40. The method according to claim 39, wherein said method further comprises the following step (iv):(iv) contacting said immobilized polypeptide with a third substrate polypeptide, with said polypeptide comprising an N-terminal DUF2121 domain as defined in any one of the preceding claims, and optionally with a modifying enzyme as defined in any one of the preceding claims or with a modifying chemical as defined in any one of the preceding claims.
41. A fusion polypeptide obtained and / or obtainable by the method according to any one of claims 1 to 39, or a purified polypeptide obtained and / or obtainable by the methodaccording to claim 40, wherein said fusion polypeptide comprises a DUF2121 recognition sequence as defined in anyone of SEQ ID NO: 579 to 582, wherein the amino acid in position 3 of anyone of SEQ ID NO: 579 to 582 is not proline.
42. A polypeptide comprising an N-terminal DUF2121 domain having an N-terminal serine or threonine residue and a polypeptide selected from the group consisting of a peptidase and an N-acetyltransferase, preferably a peptidase, more preferably wherein said polypeptide is as defined in claim 28.
43. A nucleic acid encoding:(i) the polypeptide according to claim 42; or(ii) a polypeptide comprising an N-terminal DUF2121 domain having an N-terminal serine or threonine residue as defined in any one of the preceding claims, and a modifying enzyme as defined in any one of the preceding claims.
44. A nucleic acid vector comprising the nucleic acid according to claim 43.
45. A host or host cell comprising:(i) the nucleic acid according to claim 43;(ii) the nucleic acid vector according to claim 44; and / or(iii) the polypeptide according to claim 42, or a polypeptide comprising an N-terminal DUF2121 domain having an N-terminal serine or threonine residue as defined in any one of the preceding claims, and a modifying enzyme as defined in any one of the preceding claims.

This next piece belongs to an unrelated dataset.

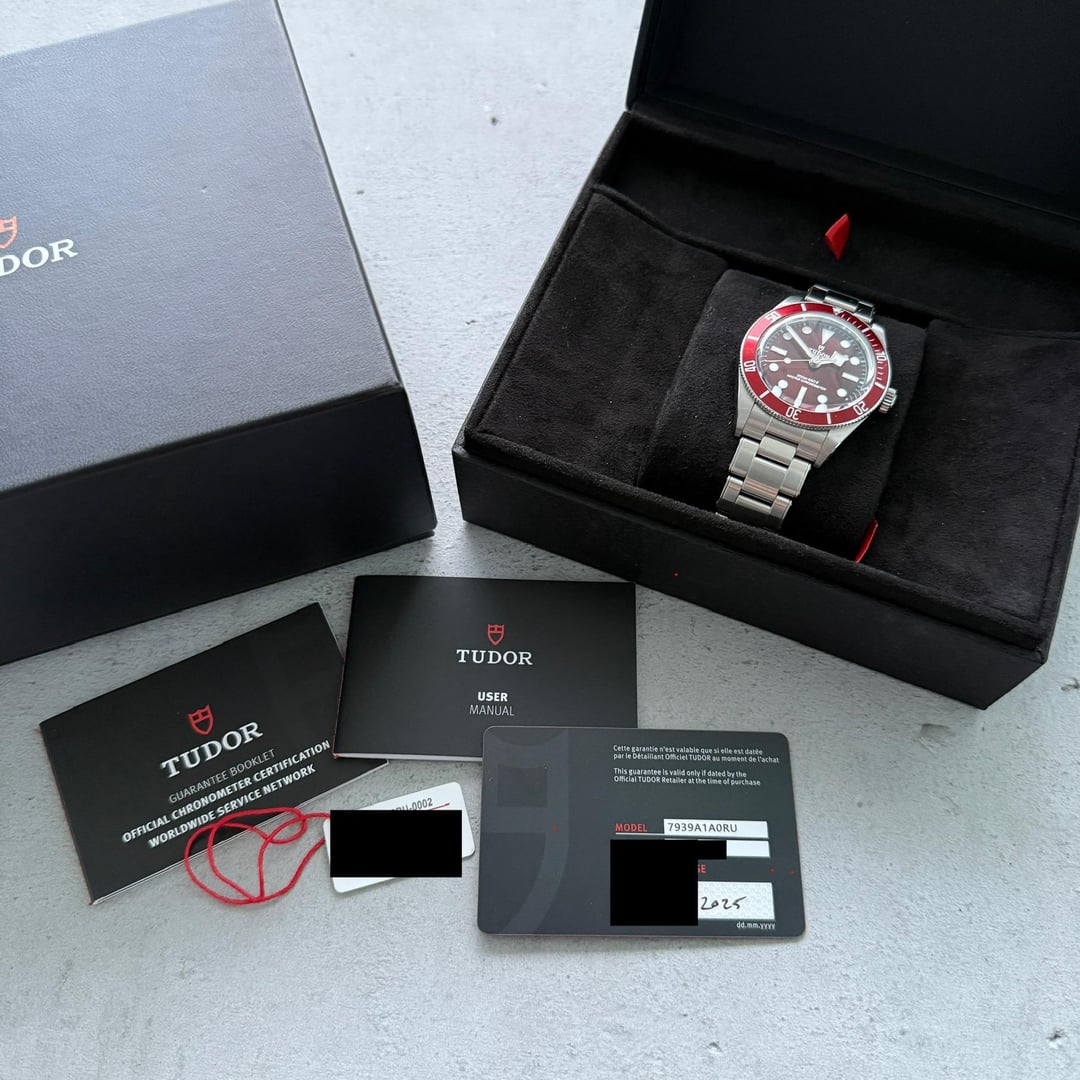 We are pleased to offer an excellent example of the Tudor Black Bay 58, reference 7939A1A0RU, complete with its original box and papers dated 2025. This model captures the spirit of vintage dive watches with its perfectly proportioned 39mm waterproof case, while making a bold statement with its striking red dial and matching red bezel. This distinctive aesthetic is both confident and tastefully versatile. The watch is powered by Tudor's in-house, COSC-certified caliber, ensuring robust performance and an ample power reserve for daily wear. This example is presented in attractive, all-original condition, showing only light, honest wear. Its legible lume, responsive bezel action, and exceptional comfort on the wrist make it a true pleasure to own. With its international warranty valid from the 2025-dated card, this is a fantastic opportunity to acquire a complete set. * **THE DETAILS** * **Case:** 39 mm stainless steel case which in razor sharp condition, it remains unpolished and shows light signs of wear * **Bezel:** Original Tudor Bezel in stunning condition with no distractions * **Dial/Hands:** Original Tudor red dial which is perfect in every way. Hands are as attractive as they left the factory. * **Bracelet/Strap:** Original Tudor Stainless Steel strap which remains unpolished and shows light signs of wear including a few marks on the bracelet * **Movement:** Tudor automatic movement which is currently running well * **Crystal:** Original sapphire crystal free from any marks or scuffs * **Accessories:** This watch come with everything you see in the photos including the original box, 2025 warranty papers, booklets and everything else seen in the photos * Available for sale US$3680

46. A composition comprising:(i) the polypeptide according to claim 42; or(ii) a polypeptide comprising an N-terminal DUF2121 domain having an N-terminal serine or threonine residue as defined in any one of the preceding claims, and a modifying enzyme as defined in any one of the preceding claims.
47. A kit for the production of a fusion polypeptide, the kit comprising one or more selected from the group consisting of the following (i) to (vi) and one or more selected from the group consisting of the following (vii) to (viii):(i) a polypeptide comprising an N-terminal DUF2121 domain having an N-terminal serine or threonine residue as defined in any one of the preceding claims, and a modifying enzyme as defined in any one of the preceding claims or a modifying chemical as defined in any one of the preceding claims;(ii) the polypeptide according to claim 42;(iii) the nucleic acid according to claim 43;(iv) the nucleic acid vector according to claim 44;(v) the host cell according to claim 45; and(vi) the composition according to claim 46; and(vii) a first substrate polypeptide as defined in any one of the preceding claims; and(viii) a second substrate polypeptide as defined in any one of the preceding claims.